> **Given records**:
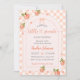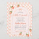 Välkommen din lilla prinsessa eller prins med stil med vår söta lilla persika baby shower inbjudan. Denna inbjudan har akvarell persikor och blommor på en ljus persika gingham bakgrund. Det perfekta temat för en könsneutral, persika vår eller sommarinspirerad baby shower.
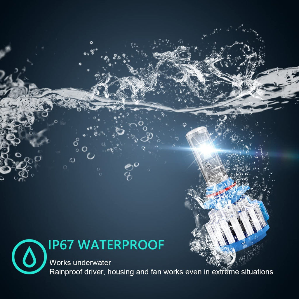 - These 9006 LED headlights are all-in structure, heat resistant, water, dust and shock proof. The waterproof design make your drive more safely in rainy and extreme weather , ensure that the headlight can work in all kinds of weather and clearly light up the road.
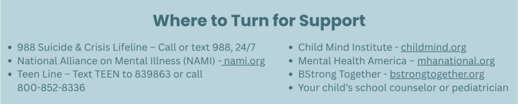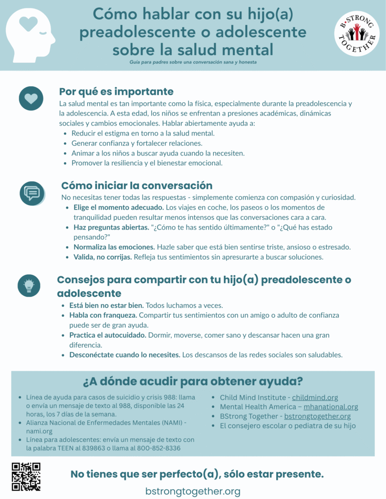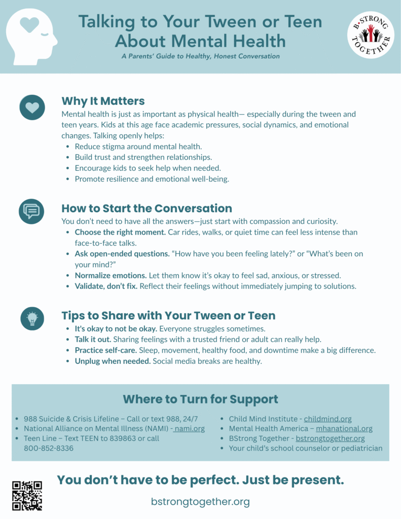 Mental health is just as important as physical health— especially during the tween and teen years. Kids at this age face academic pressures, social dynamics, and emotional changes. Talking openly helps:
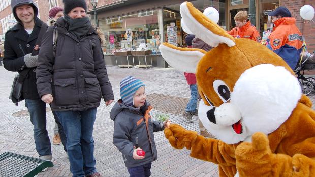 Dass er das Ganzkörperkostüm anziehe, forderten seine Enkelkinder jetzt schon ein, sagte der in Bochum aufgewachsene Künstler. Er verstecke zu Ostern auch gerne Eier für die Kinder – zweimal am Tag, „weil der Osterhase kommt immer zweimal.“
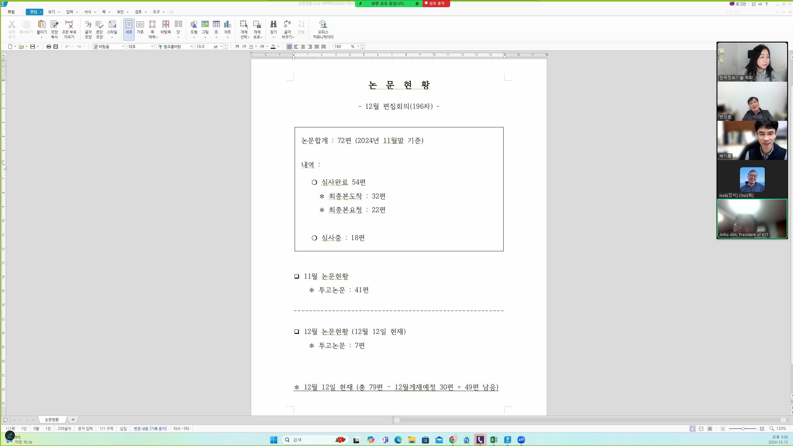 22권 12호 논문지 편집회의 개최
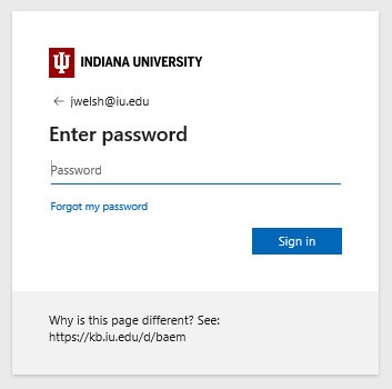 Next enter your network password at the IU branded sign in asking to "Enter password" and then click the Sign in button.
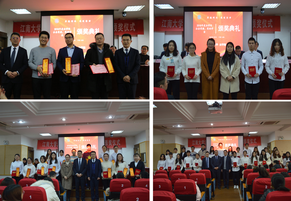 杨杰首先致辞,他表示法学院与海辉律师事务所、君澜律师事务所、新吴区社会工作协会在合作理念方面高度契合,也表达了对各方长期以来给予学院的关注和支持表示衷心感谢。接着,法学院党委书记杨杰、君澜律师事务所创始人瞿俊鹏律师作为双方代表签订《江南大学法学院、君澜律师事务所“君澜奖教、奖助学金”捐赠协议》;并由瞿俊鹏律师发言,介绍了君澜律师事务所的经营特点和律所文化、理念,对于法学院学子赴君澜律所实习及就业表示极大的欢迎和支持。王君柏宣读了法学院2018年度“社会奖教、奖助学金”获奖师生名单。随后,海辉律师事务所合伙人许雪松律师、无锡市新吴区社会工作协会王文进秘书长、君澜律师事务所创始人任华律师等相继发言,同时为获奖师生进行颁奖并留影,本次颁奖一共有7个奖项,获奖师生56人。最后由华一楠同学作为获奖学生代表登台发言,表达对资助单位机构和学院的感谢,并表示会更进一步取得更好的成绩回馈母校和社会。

---

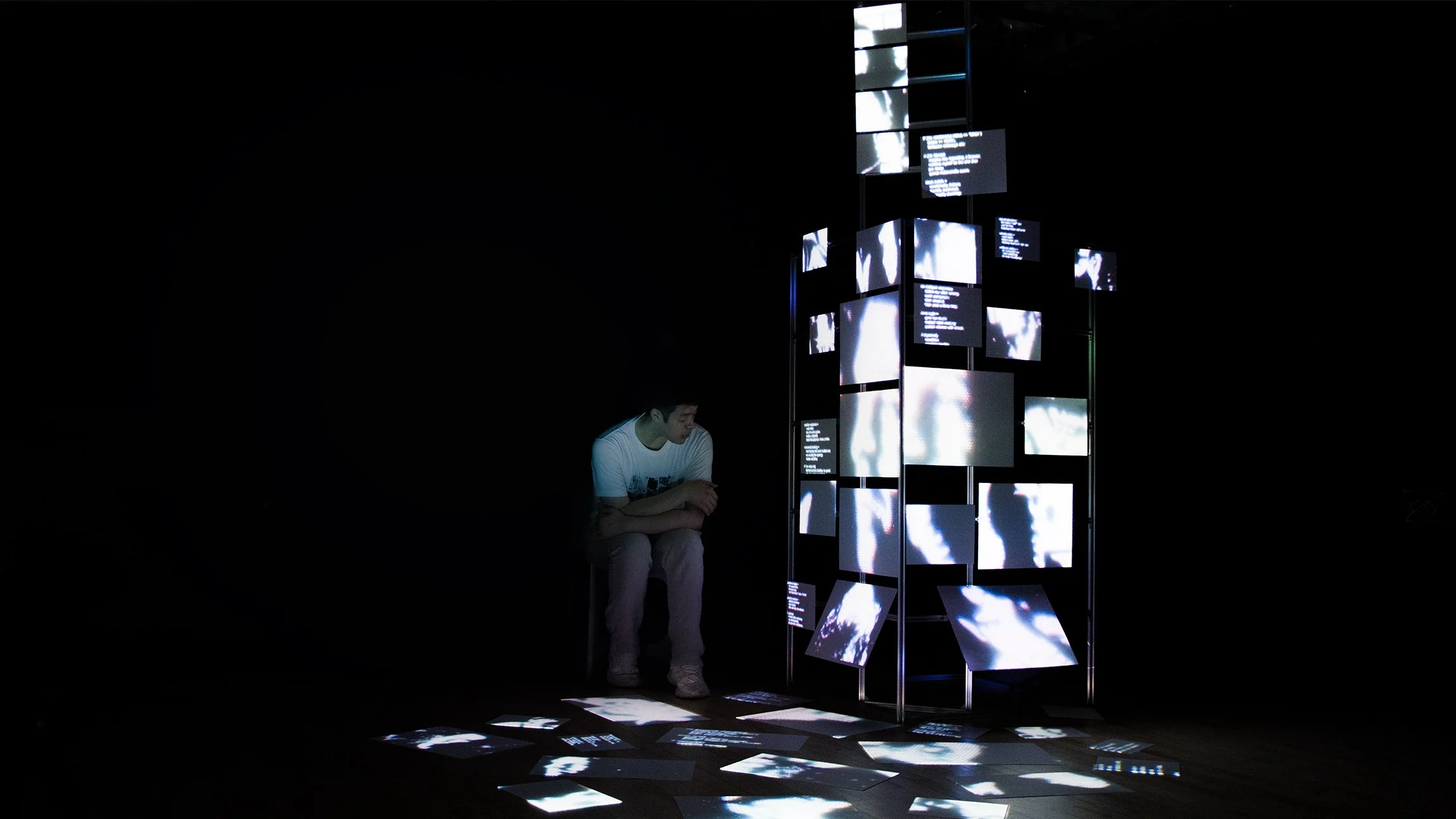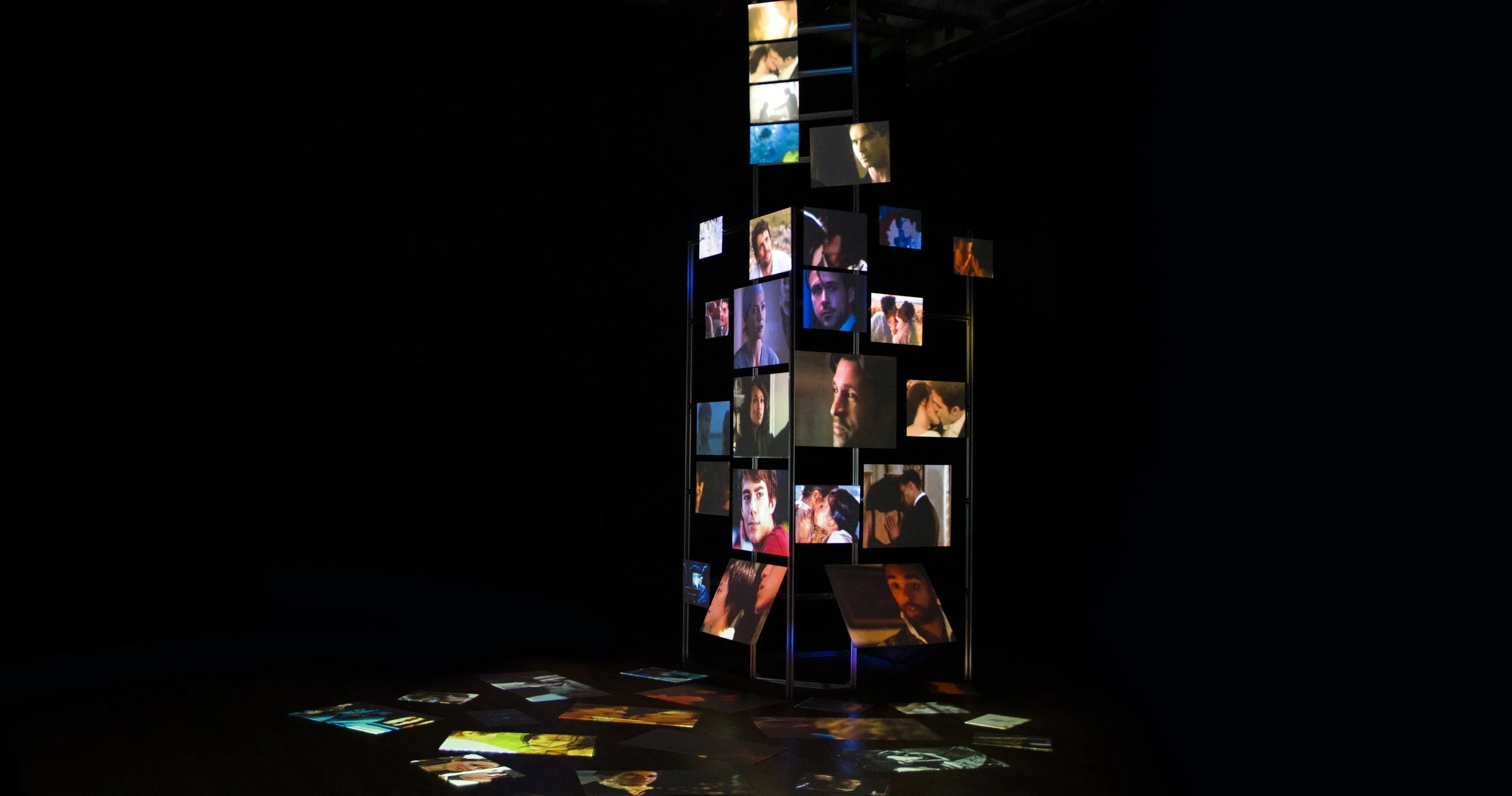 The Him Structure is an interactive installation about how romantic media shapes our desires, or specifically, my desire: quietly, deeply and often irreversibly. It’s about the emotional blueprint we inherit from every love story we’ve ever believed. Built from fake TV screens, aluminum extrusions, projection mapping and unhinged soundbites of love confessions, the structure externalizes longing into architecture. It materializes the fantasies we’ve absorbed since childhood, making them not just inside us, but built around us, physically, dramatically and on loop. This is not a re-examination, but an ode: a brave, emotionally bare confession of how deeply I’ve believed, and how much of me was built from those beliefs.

> **What the task asks**: Look above and copy only the lines from the one holding "Mental health is" to the one holding "Next enter your", both included, exactly, minus the pictures.

> **Solution for this problem**:
 Mental health is just as important as physical health— especially during the tween and teen years. Kids at this age face academic pressures, social dynamics, and emotional changes. Talking openly helps:
 Dass er das Ganzkörperkostüm anziehe, forderten seine Enkelkinder jetzt schon ein, sagte der in Bochum aufgewachsene Künstler. Er verstecke zu Ostern auch gerne Eier für die Kinder – zweimal am Tag, „weil der Osterhase kommt immer zweimal.“
 22권 12호 논문지 편집회의 개최
 Next enter your network password at the IU branded sign in asking to "Enter password" and then click the Sign in button.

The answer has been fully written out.